#### [Information provided]
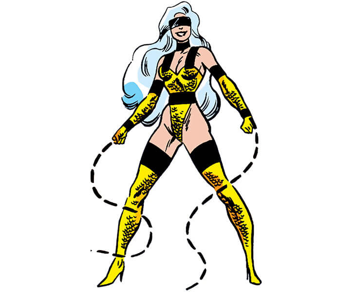 Speaking of snake/whip ladies, here is Coachwhip, a member of the Serpent Society! She has no super powers, just a pair of whips. Sometimes they’re electrical whips. Coachwhip has been through all sorts of Serpent Society adventures, and has worked with Viper too. I couldn’t find any direct evidence that she and Snake Whip ever hung out, but I hope they did off-panel. I don’t know if she’s blind, based on her mask there. That would make her pretty cool if she was a blind whip master.
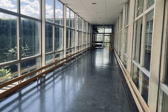 Lehrer Sperling gab einen Einblick in die Anforderungen eines modernen Schullebens und führte auch durch die naturwissenschaftlichen Räume. Er zeigte die jeweiligen bauzeitlichen Teile im Unterschied zu den neuen. Die beiden im Jahr 2001 angebauten Teile, die nicht in der Sanierung enthalten sind, würden ähnliche Probleme aufweisen wie der Bestandsbau. Er nannte als Hauptproblem des Gebäudes die Hitze und das Vergeuden von Energie. 50 Prozent Energieeinsparung seien angepeilt. Die Erhitzung und das Problem Wärme-Kälte beschäftigte auch die Teilnehmer, die beispielsweise besonderes Isolierglas oder besondere Jalousien vorschlugen. Hardegger, Architekt der Behnisch-Gruppe, berichtete über die jeweiligen Verhandlungen mit dem Denkmalamt und über die Abgleichungsprozesse. Heizung, Energie und Lüftung stellten heute in Zeiten von Corona eine ganz andere Herausforderung dar als zu Zeiten von Behnisch. Durch Messungen in den Musterräumen gewinne man eine Datenbasis, die man für die Restaurierung nutzbar mache.
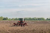 Een rode tractor ploegt de akker om vergezeld door tientallen meeuwen
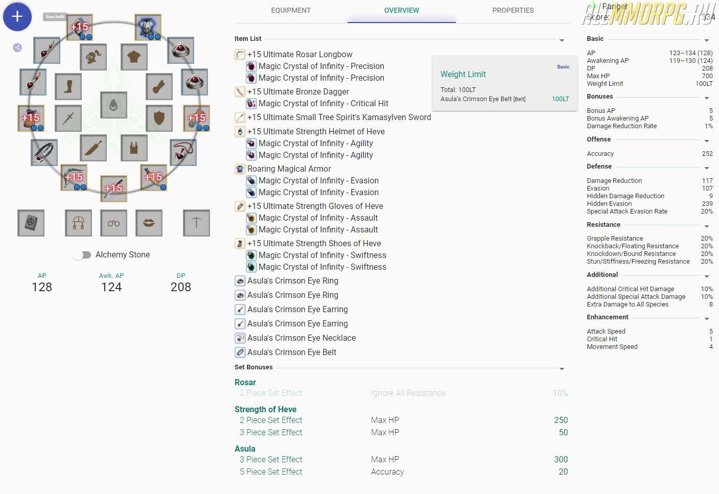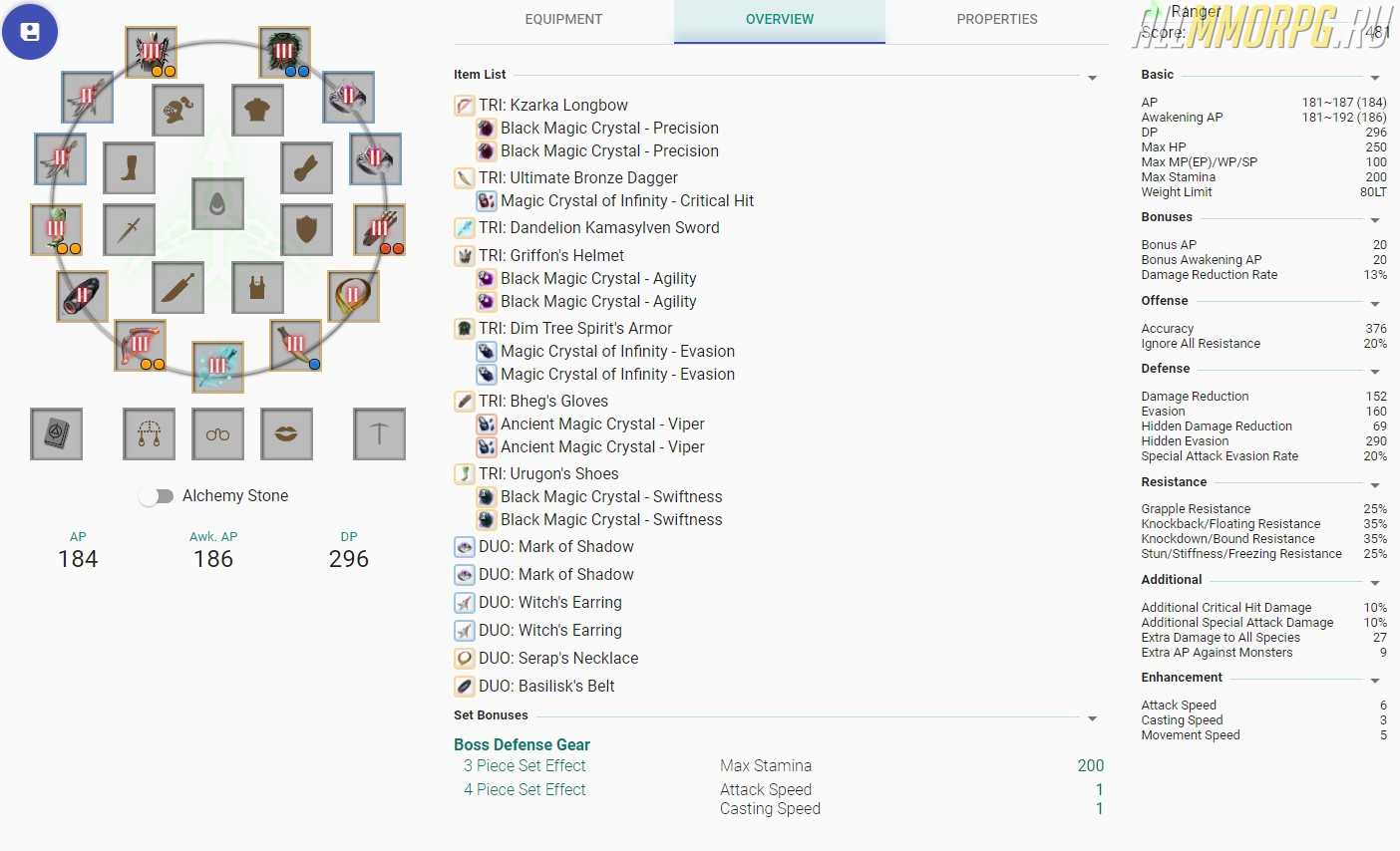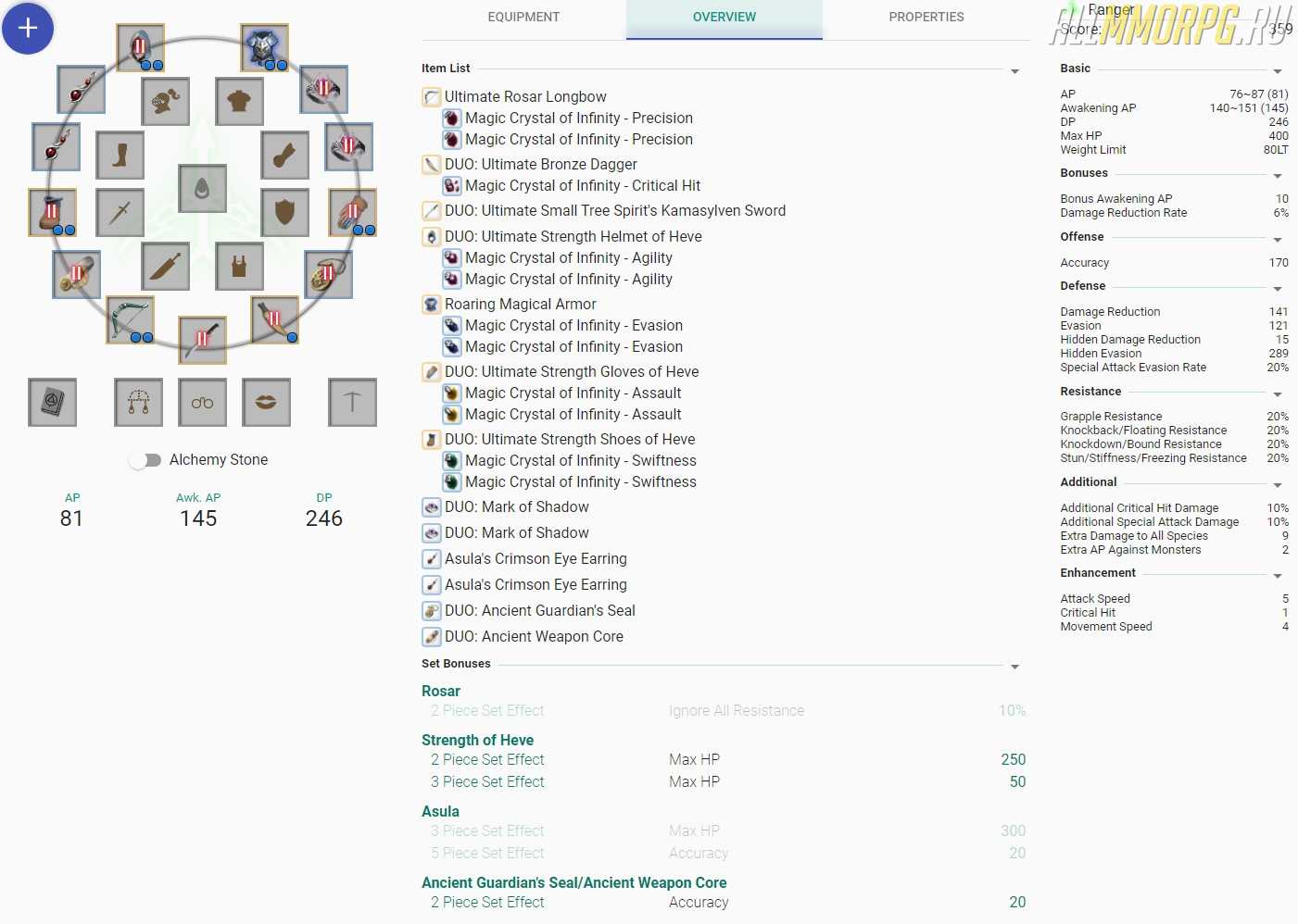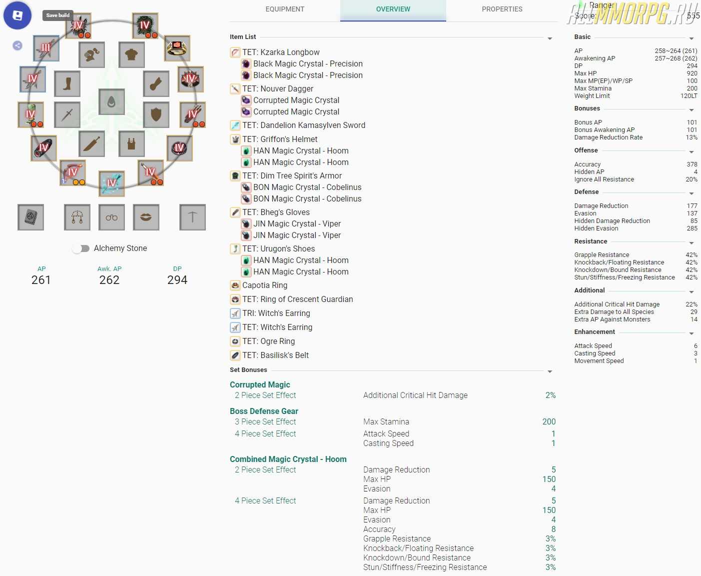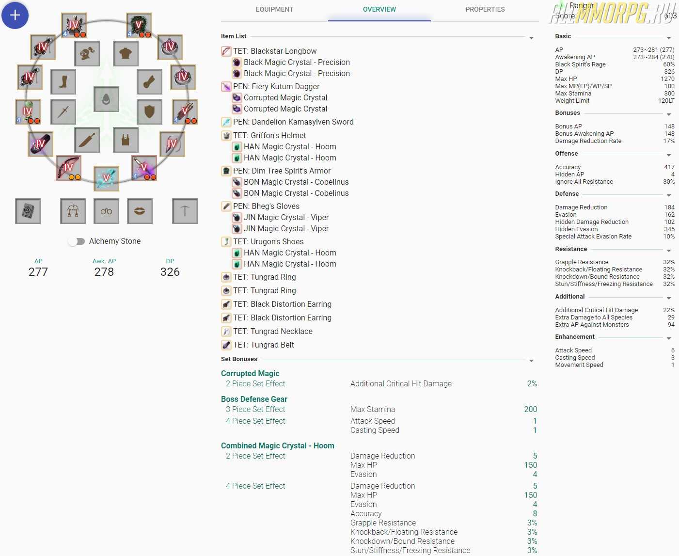 Конечная цель развития. Развитие персонажа до этого уровня займет немало времени и усилий, но в результате вы будете комфортно чувствовать себя в высокоуровневом PvP. Не забудьте улучшить экипировку камнями Кафраса. Также вы можете заменить оба ГРАНАТ III [МЕТКОСТЬ] на Кристалл Элькара (конечно, если сможете их добыть).

#### [What to do]
Exactly as they stand, write the lines from the one holding "Een rode tractor" to the end of the material, both ends included. Do not copy the pictures.

#### [Written reply]
 Een rode tractor ploegt de akker om vergezeld door tientallen meeuwen
 Конечная цель развития. Развитие персонажа до этого уровня займет немало времени и усилий, но в результате вы будете комфортно чувствовать себя в высокоуровневом PvP. Не забудьте улучшить экипировку камнями Кафраса. Также вы можете заменить оба ГРАНАТ III [МЕТКОСТЬ] на Кристалл Элькара (конечно, если сможете их добыть).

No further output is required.